The problem today is that after ten days off I’d managed to set myself into a different routine. Sure I was still waking up two hours before the crack of dawn, but it was to do actual productive things like reading, cooking, general home repair, or tending the menagerie. What I wasn’t doing is answering emails that would be unnecessary if people read the whole memo, or going to meetings that could have been emails, or trying to look attentive when someone was talking about the most recent time they were visited by the Good Idea Fairy. I liked this new routine. The fact that I’ll invariably find something to tinker with, or read, or be curious about is one of the reasons I know I won’t go stir crazy in retirement. If I’m honest, nearly everything that interests me occurs naturally outside the scope of the office.
Fortunately I have the capacity to put up as good a front as anyone. I can play the game when it suits me. It exacts a terrible cost, though, in that playing my part and adjusting to this new old routine is absolutely exhausting.
My daily schedule is so well ingrained by now that it doesn’t even feel like a schedule. It just feels like life taking it’s natural course. That’s how it feels right up until something sends the future careening off into a different timeline, which is what happened this morning.
Fortunately it wasn’t accompanied by the arrival of a time-traveling version of me from the future and a rift in the space-time continuum, but it was accompanied by the blaring of klaxons and a general confusion about why the universe seemed to be crashing down on my head at 5AM on a Sunday. Even the dogs seemed perplexed at what was happening, so at least I wasn’t alone in my confusion.
As it turns out, my daily habits are far more deep-rooted than I imagined, because without giving it a thought I’d apparently managed to set all of my normal week-day alarms on my way to bed last night. Unintentional. Unthinking. Just the sheer force of habit from so very many early mornings past.

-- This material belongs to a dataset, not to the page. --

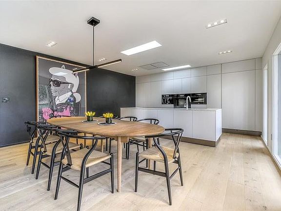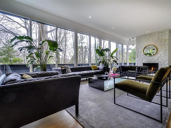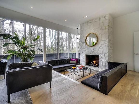 Absolutely exquisite Mid Century Modern renovation perfectly integrated into a private, wooded landscape. Enjoy expansive floor to ceiling window views on both levels and a beautiful wrap around deck. The design, details, and high-quality finishes in this home have been well thought out and executed to make it truly one-of-a-kind. 7" French White Oak wood floors, modern kitchen featuring custom Italian Poliform cabinetry, recessed vent hood by Zephyr, dining room chandelier by Moooi. Home features 3 bedrooms + additional office/flex room which can be used as a bedroom as well. Sunken living room with stunning fireplace on main level. Additional fireplace on lower level. Private courtyard to the front entrance. Two car garage. Corner lot on a cul-de-sac in a quiet neighborhood. Convenient location with quick highway access to the city.

Fortunately I only cheated myself out of about an hour, since 6AM is what passes for sleeping in around here. I may have started out life as a night owl, but I’ve grudgingly come to appreciate the deep quiet of these small hours of the morning.
I’m glad to say I had the wherewithal this afternoon to make it back to the new house instead of following the well-worn path to the old. Given my tendency towards routine and habits, I’m calling it an accomplishment. While we’re on the topic of habits, I hadn’t quite realized how much being in a new place would though my week-day schedule totally out of whack. I hit all the marks on time (even a few minutes ahead of normal), but couldn’t shake the feeling of being off. I wonder how long it takes for new habits to feel entrenched and natural. By the time they do, it’s probably not something you even notice.
The dogs survived their first day alone at the new place, so that’s something. It’s going to take a while before I’m managing everything quite so well. I’m ready to have a deep, passionate love affair with this house, but it’s going to take some time before I start thinking of it as “home.” I have a funny feeling that getting the last bedroom/current storage area sorted out, unpacking the garage so I can do more than squeeze the truck in, and getting the giant stack of flattened cardboard out of the dining room will go along way towards making that happen.
In the meantime I’ll be trying not to let my OCD take over and remember that sleep is actually a good thing.